Prepare the dry mixture:
-In a medium bowl, whisk together the flour, baking powder, and salt, and set aside.
Prepare the wet mixture:
-In a large bowl, cream the coconut oil and sugar together with the orange zest. You can do so by hand or with an electric mixer.
-Add the arrowroot mixture and mix with a wooden spoon to combine.
-Add the juice and extract, and mix until combined.
Combine the two mixtures to form the dough:
-Add the dry mixture to the wet, and stir to combine. Be careful to not over mix.
-You can work with the dough right away or chill it in the refrigerator for 20 to 30 minutes (but no longer or it will get too firm).
Meanwhile, prepare the filling:
-Using a food processor or a blender, combine black beans, natural cane sugar, unsweetened cocoa powder, pinch of salt and canola oil/coconut oil. Bend well and set aside.
Form the cookies and bake:
-Roll out the dough between two sheets of parchment paper, to 1/8-inch thickness (you can do this in two batches if you wish).
-Lightly flour the parchment paper or dough, if the dough is sticking.
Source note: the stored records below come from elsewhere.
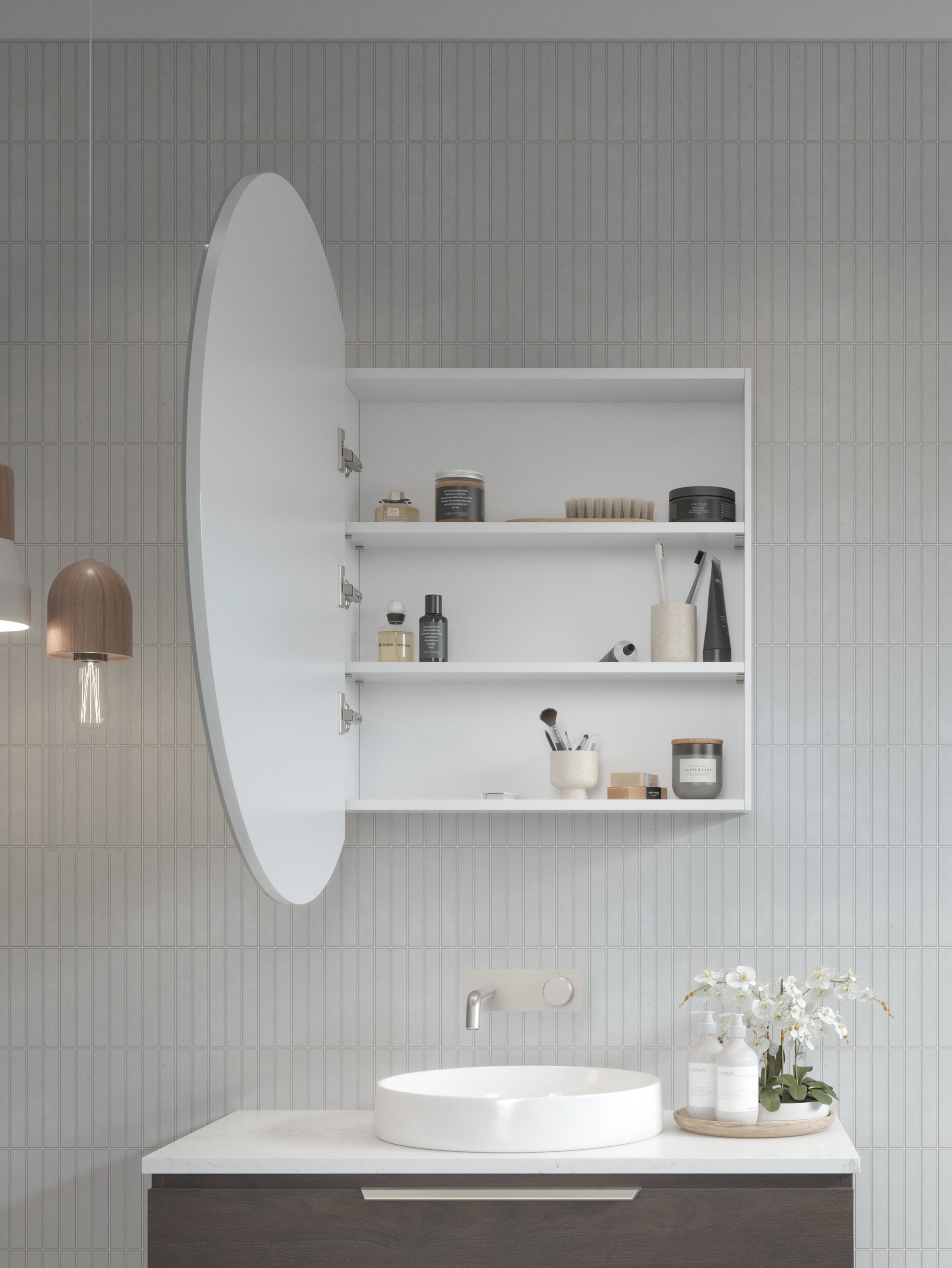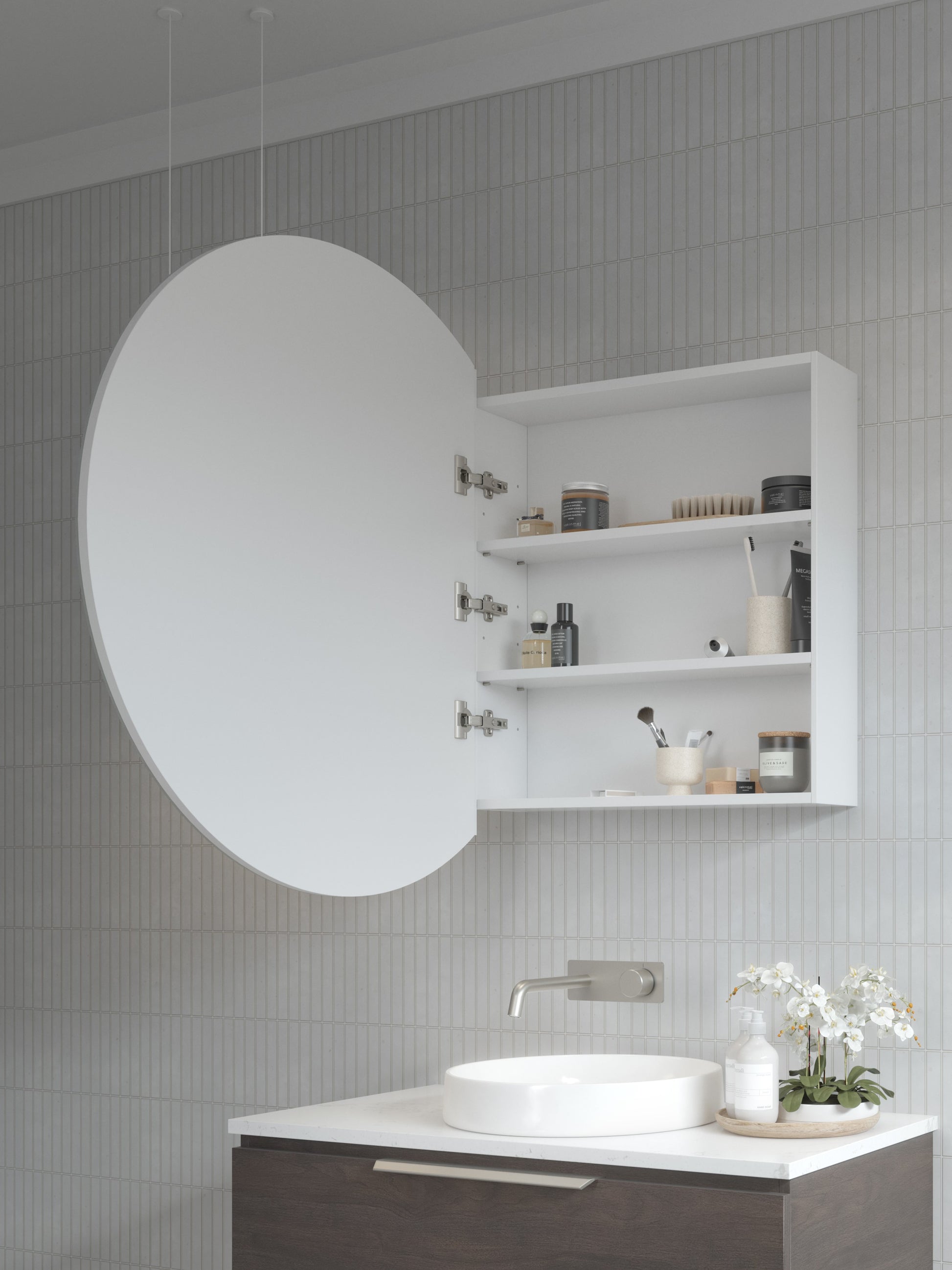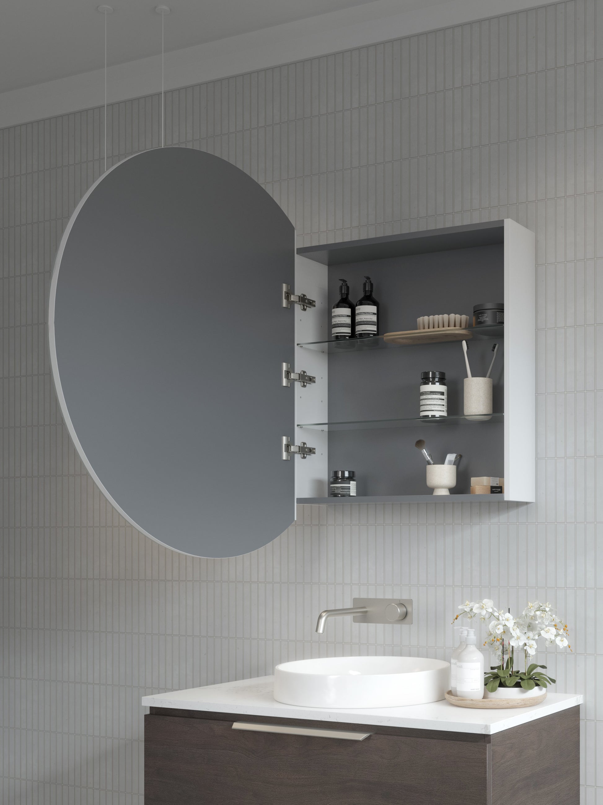 Bring a touch of sophistication to your modern bathroom with the Havana shaver! Its stunning round design not only adds a stylish touch but also offers practical storage solutions for your bathroom essentials. Maximise your space with the option of a fully reversible hinge side (unless ordered with lighting or powerpoint), ensuring the perfect fit in any bathroom layout.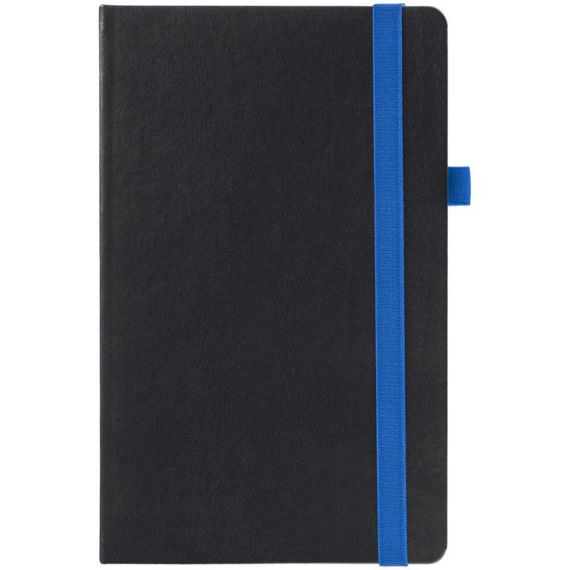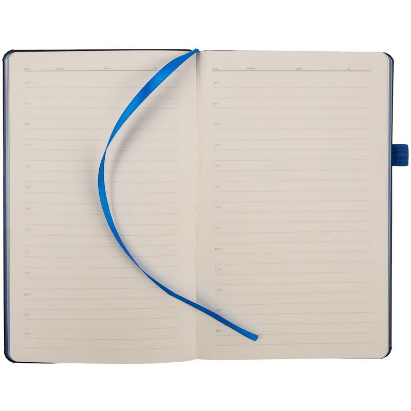 Ежедневник с твердой обложкой, выполнен из материала Waltz, черный АА, дополнен синей резинкой и ляссе.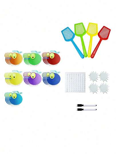 hoojojo 28 张 DIY 空白卡片,7 种颜色,苍蝇卡,4 个苍蝇拍,单词卡,词汇卡,可擦写卡片,苍蝇拍认知游戏,教室,家居,返校,派对,教学工具,万圣节礼物 - 彩色 - 查看 7
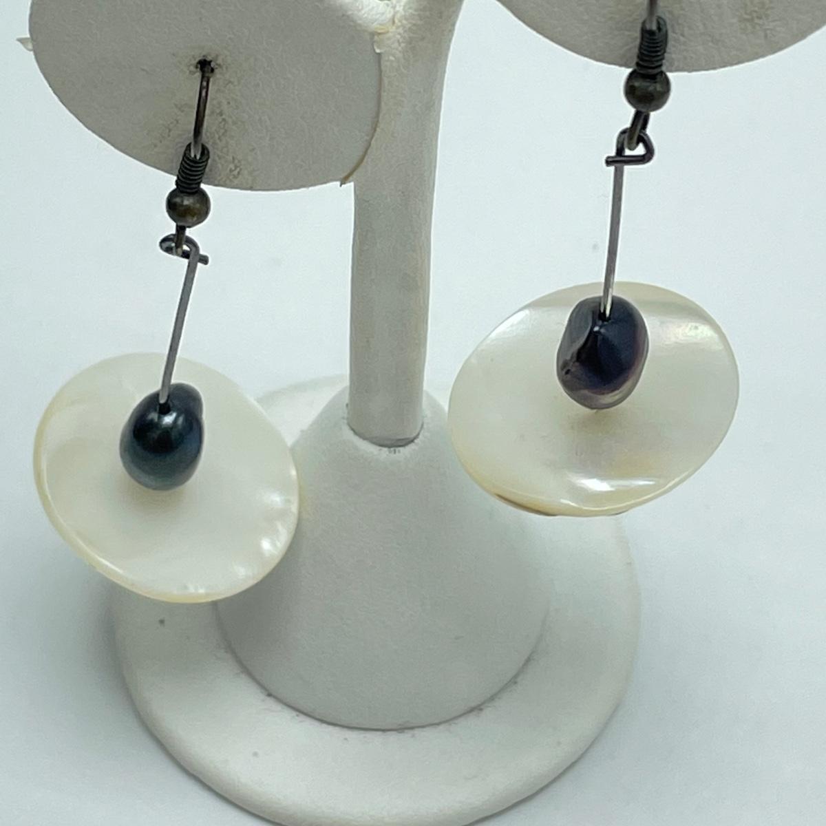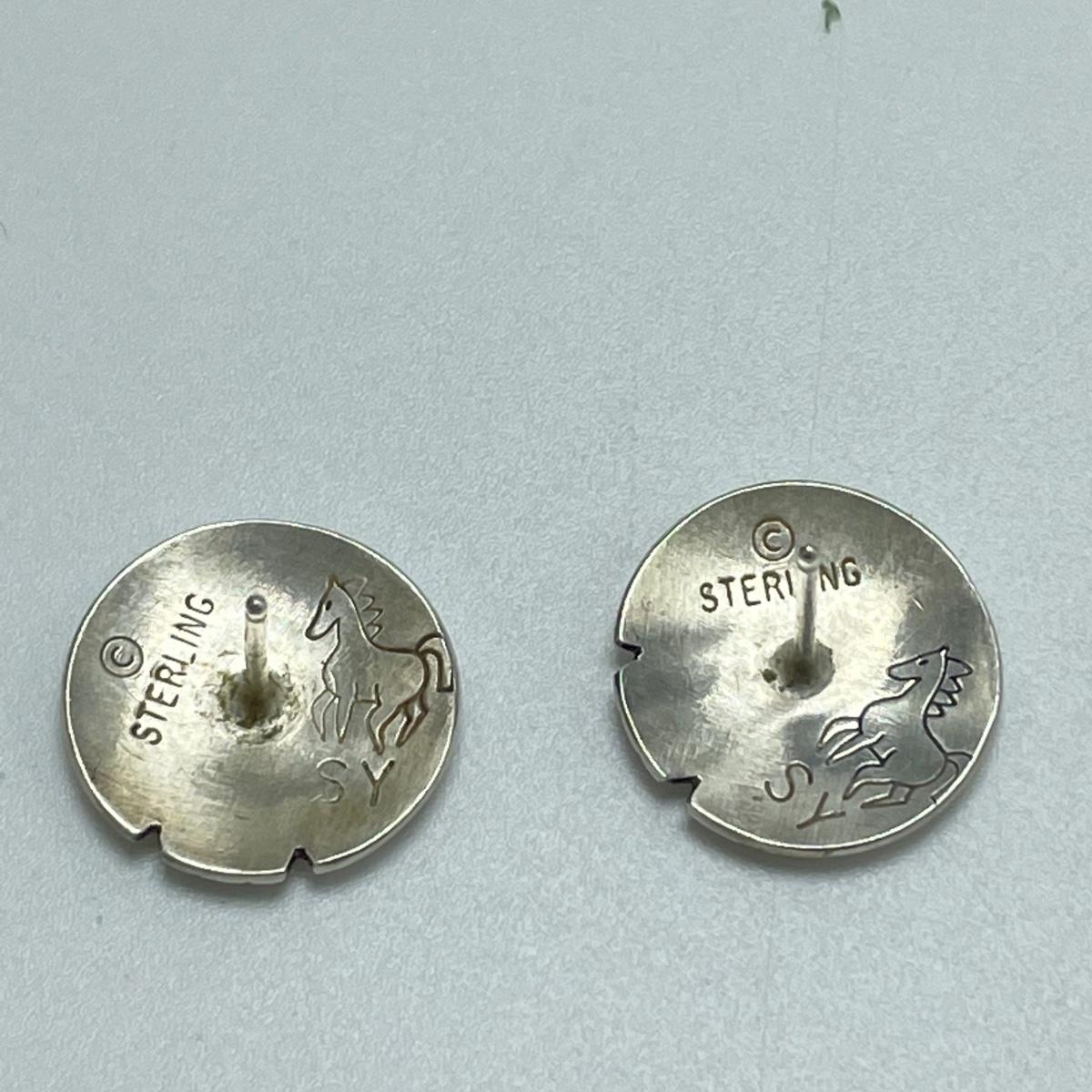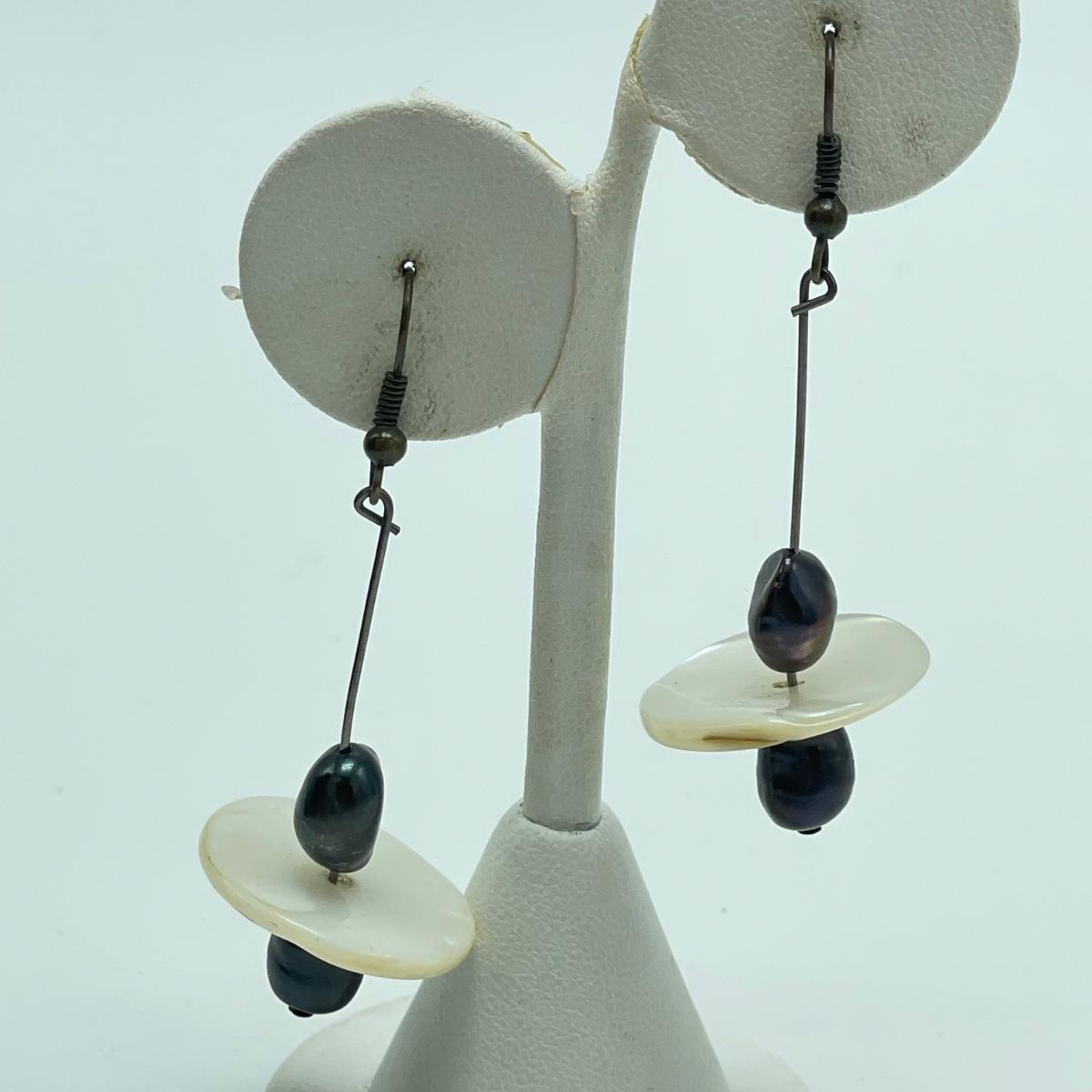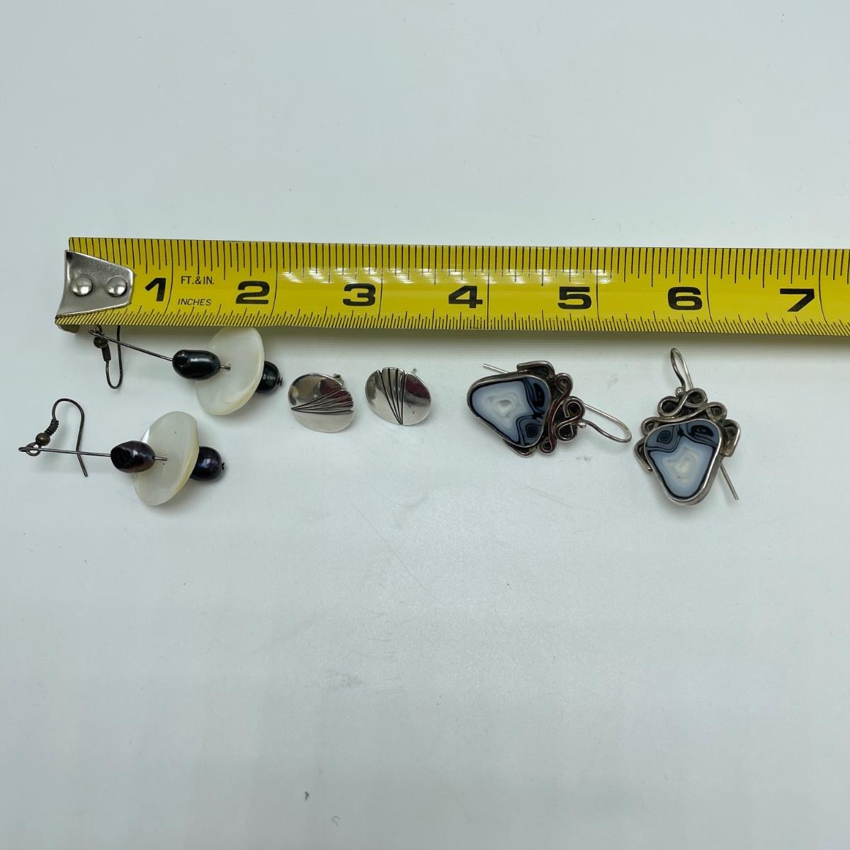 Sterling studs by Navajo Steve Yellowhorse, another pair marked 925 signed, these have a glass like center in their sterling setting. Lastly a dangle pair of French wire earrings with two black freshwater pearls each. See images. Shipping available.

-Use a 3-inch round cookie cutter or the rim of a glass, cut circles from the rolled dough.
-Using a spatula, carefully transfer the circles to the baking sheet.
-Place a teaspoon of high protein brownie filling in the center of each circle.
-Carefully form three sides with the dough and fold them over to create a triangle. Pinch the corners tightly (like you mean it). Repeat with the remaining circles of dough.
-Bake for 20 minutes, then remove from the oven.
-Cool cookies on a cooling rack.
Once completely cooled:
-Garnish with a sprinkling of powdered sugar, if desired, before serving.